YOUR OBJECTIVE: Give again, word for word, every line in the entries below from the line with "Gebürsteter Korpus aus" up to and including the line with "Recently Renovated Office", and no other line.
BEGIN DATA LISTING
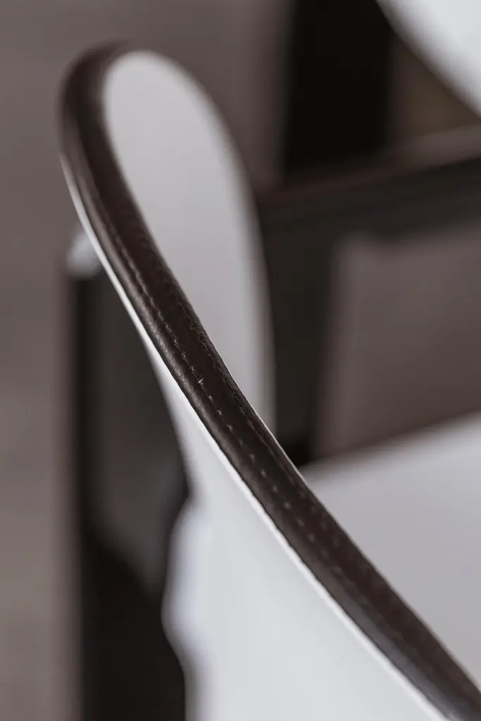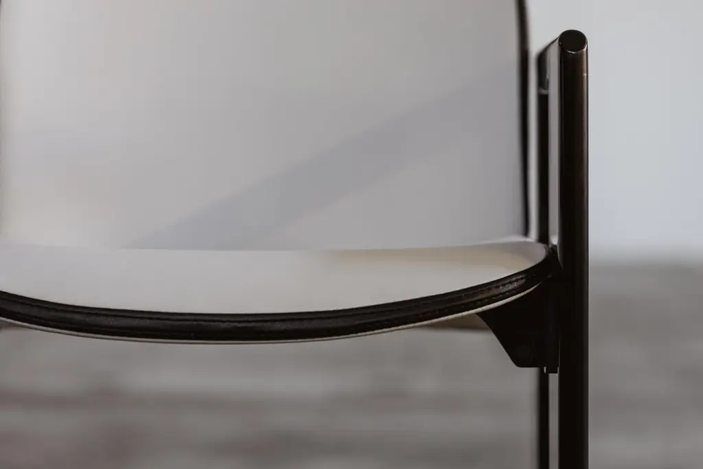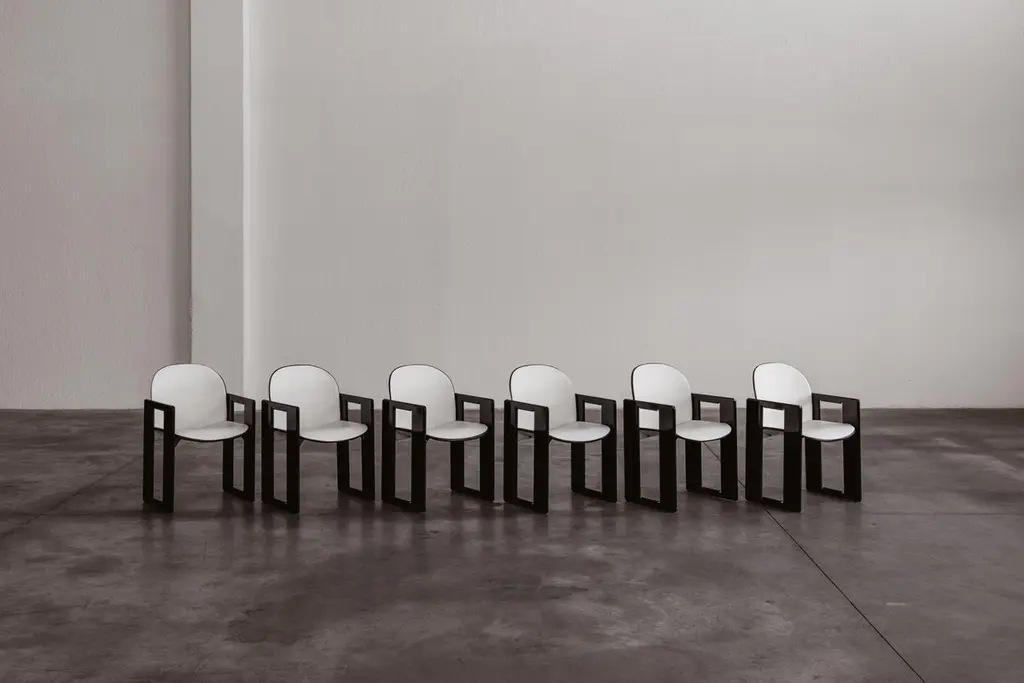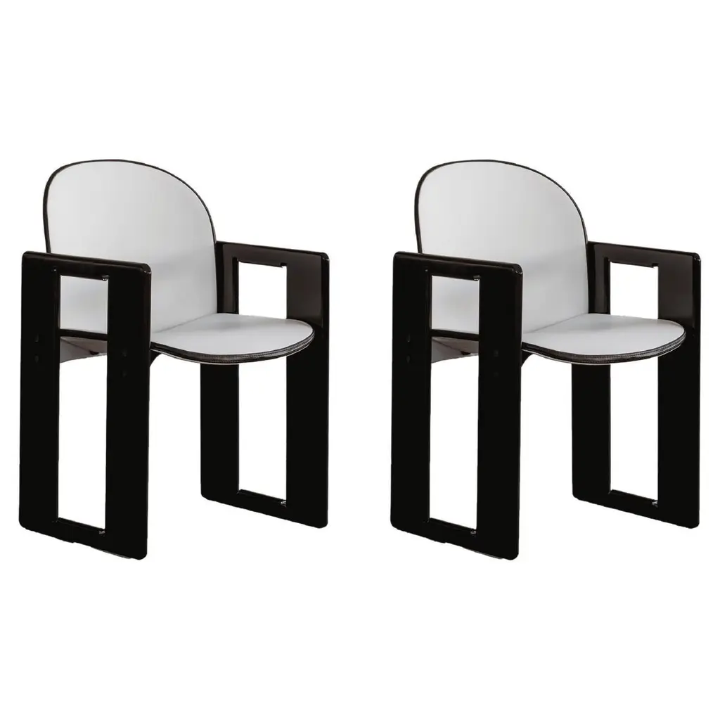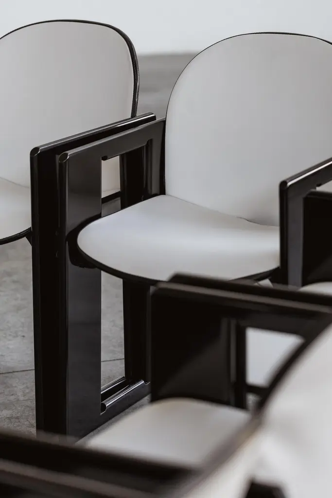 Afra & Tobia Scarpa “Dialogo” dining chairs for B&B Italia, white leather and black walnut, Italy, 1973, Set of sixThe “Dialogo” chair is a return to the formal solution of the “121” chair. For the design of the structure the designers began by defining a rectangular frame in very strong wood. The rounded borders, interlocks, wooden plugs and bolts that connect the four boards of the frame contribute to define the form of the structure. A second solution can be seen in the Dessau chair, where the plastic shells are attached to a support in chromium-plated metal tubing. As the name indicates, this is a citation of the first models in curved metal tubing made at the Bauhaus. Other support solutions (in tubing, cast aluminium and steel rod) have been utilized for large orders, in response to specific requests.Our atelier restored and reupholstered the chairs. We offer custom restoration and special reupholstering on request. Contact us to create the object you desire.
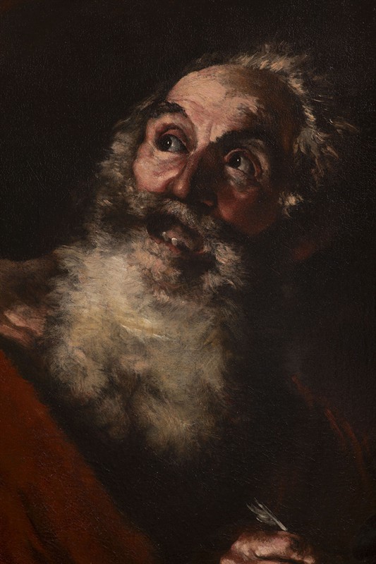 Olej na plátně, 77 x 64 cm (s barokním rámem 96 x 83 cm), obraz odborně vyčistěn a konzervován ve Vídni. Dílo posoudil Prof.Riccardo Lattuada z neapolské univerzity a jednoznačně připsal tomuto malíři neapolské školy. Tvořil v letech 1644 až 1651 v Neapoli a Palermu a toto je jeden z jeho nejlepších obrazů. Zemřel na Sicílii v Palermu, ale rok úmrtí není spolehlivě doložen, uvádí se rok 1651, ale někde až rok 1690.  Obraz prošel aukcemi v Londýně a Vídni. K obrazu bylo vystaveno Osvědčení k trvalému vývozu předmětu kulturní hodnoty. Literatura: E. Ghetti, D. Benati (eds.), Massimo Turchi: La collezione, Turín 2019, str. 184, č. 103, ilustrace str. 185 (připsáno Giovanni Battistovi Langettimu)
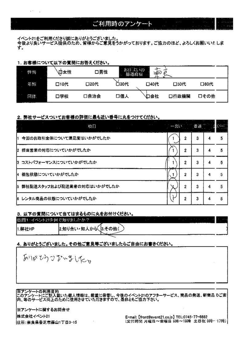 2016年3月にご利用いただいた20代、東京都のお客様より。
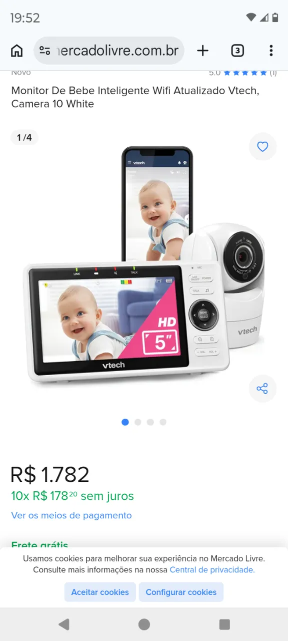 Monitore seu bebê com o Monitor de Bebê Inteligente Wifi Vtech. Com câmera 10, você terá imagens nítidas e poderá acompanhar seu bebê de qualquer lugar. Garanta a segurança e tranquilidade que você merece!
END DATA LISTING
BEGIN DATA LISTING
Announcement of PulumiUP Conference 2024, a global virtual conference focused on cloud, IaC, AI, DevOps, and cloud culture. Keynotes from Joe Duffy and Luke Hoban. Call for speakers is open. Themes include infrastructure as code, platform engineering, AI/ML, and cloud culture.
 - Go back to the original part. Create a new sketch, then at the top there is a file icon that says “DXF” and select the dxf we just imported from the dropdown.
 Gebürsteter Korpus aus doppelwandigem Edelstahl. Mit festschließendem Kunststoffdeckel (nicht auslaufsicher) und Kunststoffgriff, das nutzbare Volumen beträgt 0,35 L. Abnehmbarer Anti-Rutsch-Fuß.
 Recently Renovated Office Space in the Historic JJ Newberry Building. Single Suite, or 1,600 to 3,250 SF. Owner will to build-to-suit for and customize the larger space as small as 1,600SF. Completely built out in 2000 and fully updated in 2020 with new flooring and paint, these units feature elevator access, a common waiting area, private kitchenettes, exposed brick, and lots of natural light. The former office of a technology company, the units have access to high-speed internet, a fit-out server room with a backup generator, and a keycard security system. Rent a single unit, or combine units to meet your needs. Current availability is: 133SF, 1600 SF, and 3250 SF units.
END DATA LISTING
OUTPUT OF THE EXERCISE:
 Gebürsteter Korpus aus doppelwandigem Edelstahl. Mit festschließendem Kunststoffdeckel (nicht auslaufsicher) und Kunststoffgriff, das nutzbare Volumen beträgt 0,35 L. Abnehmbarer Anti-Rutsch-Fuß.
 Recently Renovated Office Space in the Historic JJ Newberry Building. Single Suite, or 1,600 to 3,250 SF. Owner will to build-to-suit for and customize the larger space as small as 1,600SF. Completely built out in 2000 and fully updated in 2020 with new flooring and paint, these units feature elevator access, a common waiting area, private kitchenettes, exposed brick, and lots of natural light. The former office of a technology company, the units have access to high-speed internet, a fit-out server room with a backup generator, and a keycard security system. Rent a single unit, or combine units to meet your needs. Current availability is: 133SF, 1600 SF, and 3250 SF units.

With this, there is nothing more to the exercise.